● **To do**: Only an exact repetition of the lines from the one holding "Higher specification fork" to the end of the data is wanted, with pictures left out.

[Excerpts from a dataset]
========================================

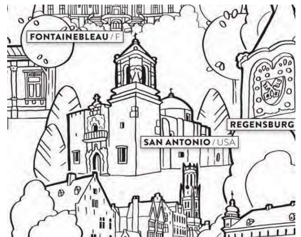
World Heritage Cities coloring poster 15

The World Heritage Office worked with the Organization of World Heritage Cities to launch a coloring poster for kids featuring several World Heritage Sites. The poster is available for free online , and kids can explore the San Antonio Missions by downloading the coloring sheet and coloring the printout.
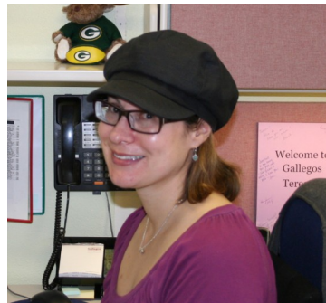
FYI: Wolott Office
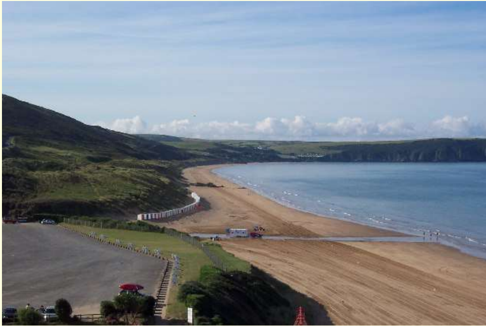
Woolacombe Sand
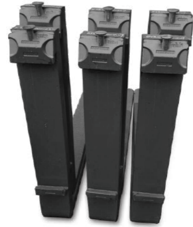
Higher specification fork mounting level-2B, more weight can be loaded.
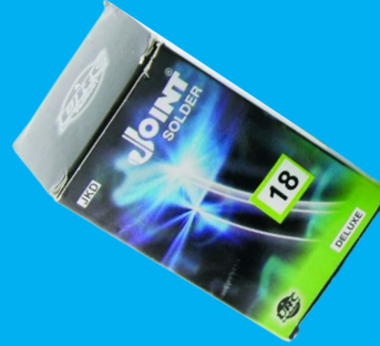
Solder Wire 18 SWG - 500 gm
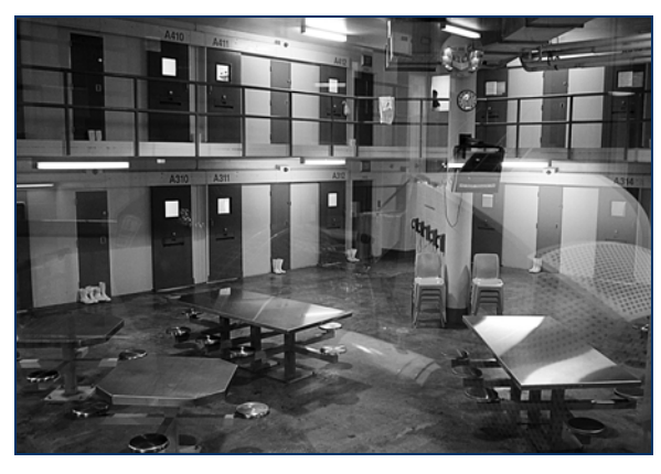
While detention averages $95 per day, alternatives to detention range from $10 to $14 a day; and release through parole has no financial cost each day.

Since 2005, ICE has increased the number of "beds" it uses to detain immigrants by 78 percent.<sup>237</sup> In the past four years, Congress has doubled the annual budget for ICE detention and removal operations to a current budget of $2.4 billion. Nearly 70 percent—or $1.7 billion—is devoted to "custody operations."<sup>238</sup> In fiscal year 2007 alone, ICE detained over 310,000 asylum seekers and immigrants,<sup>239</sup> and in fiscal year 2009, ICE planned to detain over 440,000.<sup>240</sup>
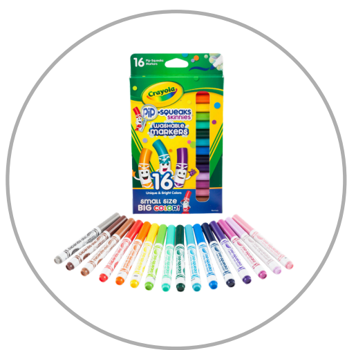
1 box of markers (preferably thin/fine, like Crayola's Pip Squeak Skinnies)
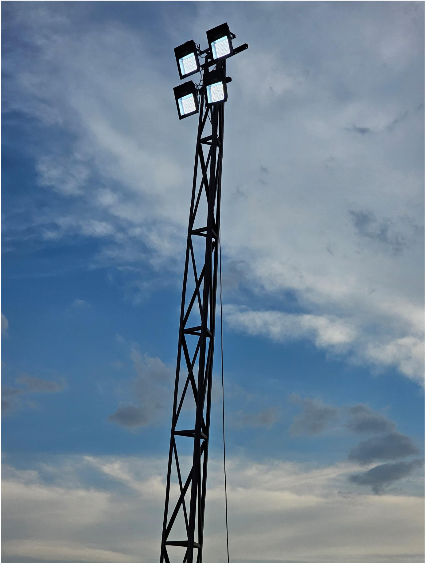
An image showing one of the floodlight towers in the fields at MAKSETH
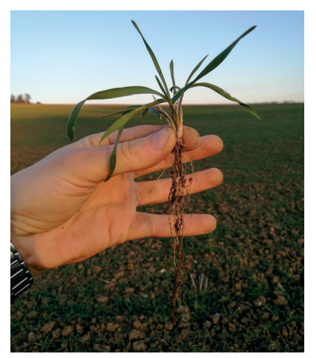
The crop is usually firmly rooted
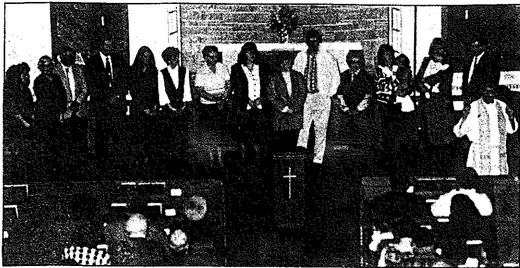
New members assimilated at Immanuel, Twin Falls, Idaho.
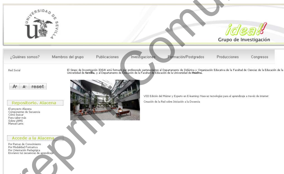
Figure 1. Screenshot of the web page and the Alacena repository.

All fifty-eight learning sequences are available in the sequence depository that we have called Alacena. This repository is available on our investigation group's web page, as indicated above, http://prometeo.us.es/idea
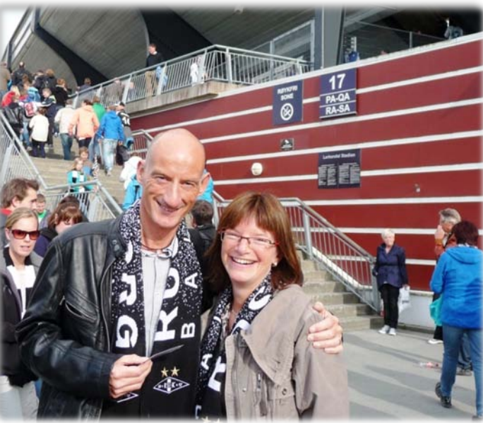
Treated to a RBK football game in May

Still ☺ But then, we have very good reason to! Here are some of the pleasures in our life.
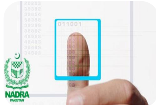
Strong Digital ID
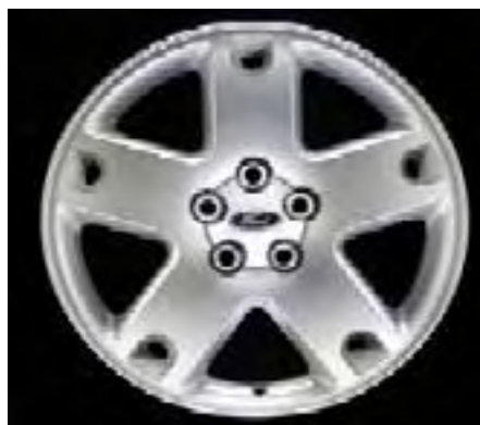
18" Bright Aluminum Wheels Std. on Limited (64C)

* = The final drive ratios are dictated by the WOT 0-60 mph performance objectives, which are driven by vehicle weight. While the FDR seems high, because the transmission is a CVT, the effective drive ratio will always be the lowest at any road load operation condition. The effective drive ratio under road load conditions, at any given vehicle speed, will be lower than typical 4 and 5-Speed Step Ratio Transmissions, hence the engine speed will be lower for the CVT transmission.

========================================

● **Your solution**:
Higher specification fork mounting level-2B, more weight can be loaded.
Solder Wire 18 SWG - 500 gm
While detention averages $95 per day, alternatives to detention range from $10 to $14 a day; and release through parole has no financial cost each day.

Since 2005, ICE has increased the number of "beds" it uses to detain immigrants by 78 percent.<sup>237</sup> In the past four years, Congress has doubled the annual budget for ICE detention and removal operations to a current budget of $2.4 billion. Nearly 70 percent—or $1.7 billion—is devoted to "custody operations."<sup>238</sup> In fiscal year 2007 alone, ICE detained over 310,000 asylum seekers and immigrants,<sup>239</sup> and in fiscal year 2009, ICE planned to detain over 440,000.<sup>240</sup>
1 box of markers (preferably thin/fine, like Crayola's Pip Squeak Skinnies)
An image showing one of the floodlight towers in the fields at MAKSETH
The crop is usually firmly rooted
New members assimilated at Immanuel, Twin Falls, Idaho.
Figure 1. Screenshot of the web page and the Alacena repository.

All fifty-eight learning sequences are available in the sequence depository that we have called Alacena. This repository is available on our investigation group's web page, as indicated above, http://prometeo.us.es/idea
Treated to a RBK football game in May

Still ☺ But then, we have very good reason to! Here are some of the pleasures in our life.
Strong Digital ID
18" Bright Aluminum Wheels Std. on Limited (64C)

* = The final drive ratios are dictated by the WOT 0-60 mph performance objectives, which are driven by vehicle weight. While the FDR seems high, because the transmission is a CVT, the effective drive ratio will always be the lowest at any road load operation condition. The effective drive ratio under road load conditions, at any given vehicle speed, will be lower than typical 4 and 5-Speed Step Ratio Transmissions, hence the engine speed will be lower for the CVT transmission.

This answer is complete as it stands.